Les premières années d’une startup représentent la période la plus délicate de son existence. Au point que les experts ont baptisé cette période “la Vallée de la Mort”. Les chiffres ne font que confirmer cette réalité : sur 10 jeunes pousses, 9 disparaissent avant même de pouvoir souffler leur 3ème bougie.
Assurer la survie des startups revient à leur fournir les conditions de leur développement, notamment un accès facilité aux financements. De par leur volonté de prendre du risque pour assurer une croissance exponentielle, les entreprises émergentes ne peuvent aspirer à bénéficier du financement bancaire.
Le développement de l’écosystème entrepreneurial en Tunisie s’est accompagné par l’apparition d’un large spectre de nouveaux acteurs dont la mission est de financer et d’accompagner ce type d’entreprises. De nos jours, on entend plus souvent parler de coworking spaces, d’incubateurs et d’accélérateurs.
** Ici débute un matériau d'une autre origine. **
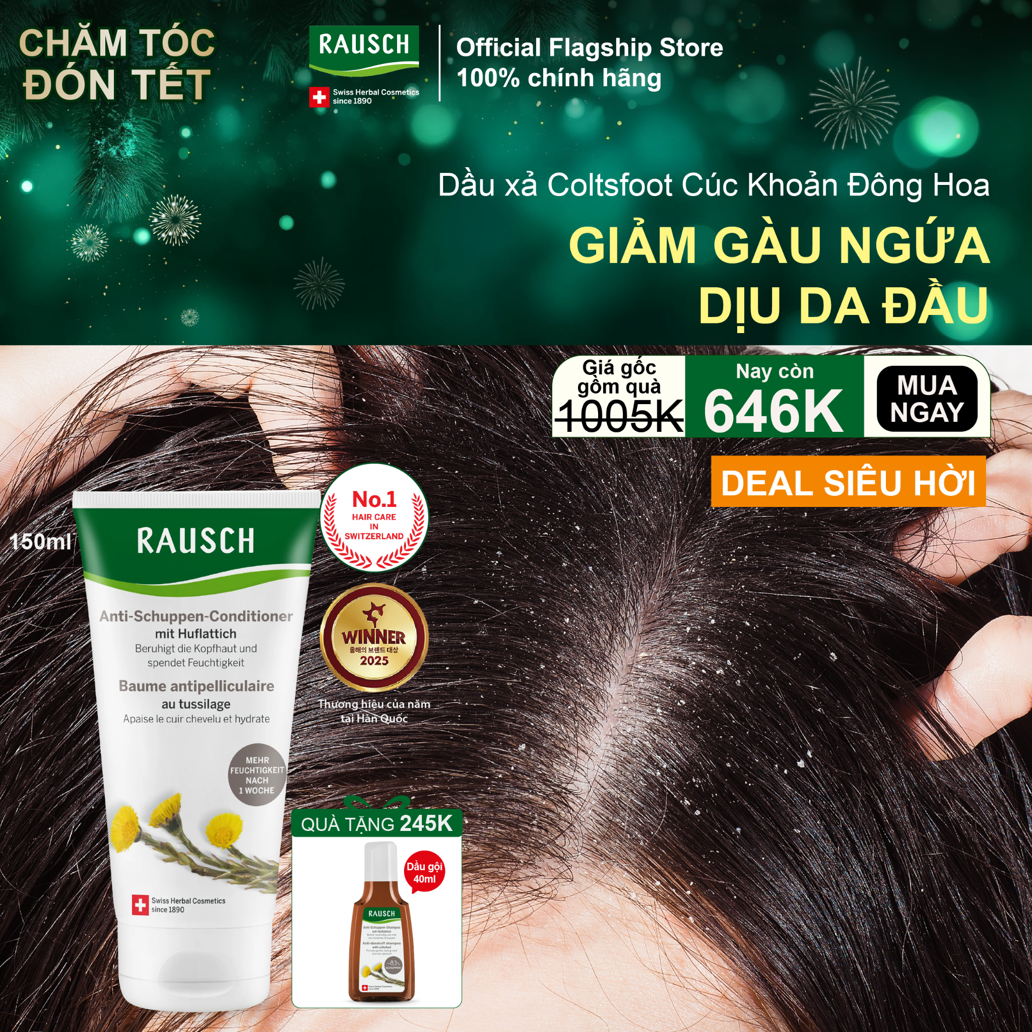 Khi gàu khô và những cơn ngứa da đầu dai dẳng trở thành nỗi bận tâm, Rausch mang đến cho bạn giải pháp chăm sóc chuyên sâu từ Thụy Sĩ. Không chỉ đơn thuần là dầu xả, đây là liệu trình nuôi dưỡng và hỗ trợ cân bằng, giúp da đầu trở nên khỏe mạnh và mái tóc mềm mại, bóng mượt tự nhiên.

Paradoxalement, le développement de la notion de business angels reste timide. Pourtant, ces personnes qui investissent à titre individuel au capital d’une entreprise innovante jouent un rôle primordial dans le développement de l’écosystème. De fait, ces investisseurs interviennent à un stade précoce de création ou en début d’activité, période la plus risquée de l’investissement. Les business angels représentent la porte d’entrée des startups au monde de l’investissement “professionnel” après qu’elles eurent épuisé leur épargne, et celles de leur famille et amis.
Le business angel, littéralement ange d’affaires, n’offre pas “que” le financement qui permet au startuppeur de transformer son idée en un produit ou service commercialisable. Le business angel a pour tâche, en plus, d’accompagner le jeune entrepreneur pour lui permettre de se développer, notamment grâce au networking, et au soutien psychologique et moral.
Malgré l’importance de leur mission, la notion de business angels est encore à ses débuts en Tunisie, a noté Jalloul Ayed, ancien ministre des Finances. Même l’Europe est en retard par rapport aux USA: on y compte 30 mille, contre plus de 300 mille à l’autre rive de l’Atlantique. Selon Ayed, la faible teneur en business angels n’est qu’une facette d’une plus grande problématique qui caractérise le paysage entrepreneurial national: le manque flagrant des financements destinés aux entreprises en early stage. Jusqu’à un passé très proche, les fonds de capital développement dominaient la scène. Il s’agit de véhicules d’investissement qui interviennent dans des étapes plus avancées de la vie d’une entreprise. Ils permettent en effet d’accompagner les startups en quête de se développer vers d’autres marchés. “Il faut mettre en place un cadre légal incitatif pour les business angels, pour les encourager à investir dans les startups”, a lancé Ayed.
Dans l’attente de ce que vont offrir le cadre réglementaire du capital investissement et la loi transversale sur le climat d’affaires, tous deux en cours de préparation, le Startup Act offre quelques incitations aux investisseurs. La loi permet en effet à ceux qui ont contribué au financement de startups de défiscaliser leur investissement. Slim Moalla, d’ Evolia Capital, a rappelé que de tels investissements sont exonérés de la taxation sur la plus-value au moment de la réalisation de la sortie.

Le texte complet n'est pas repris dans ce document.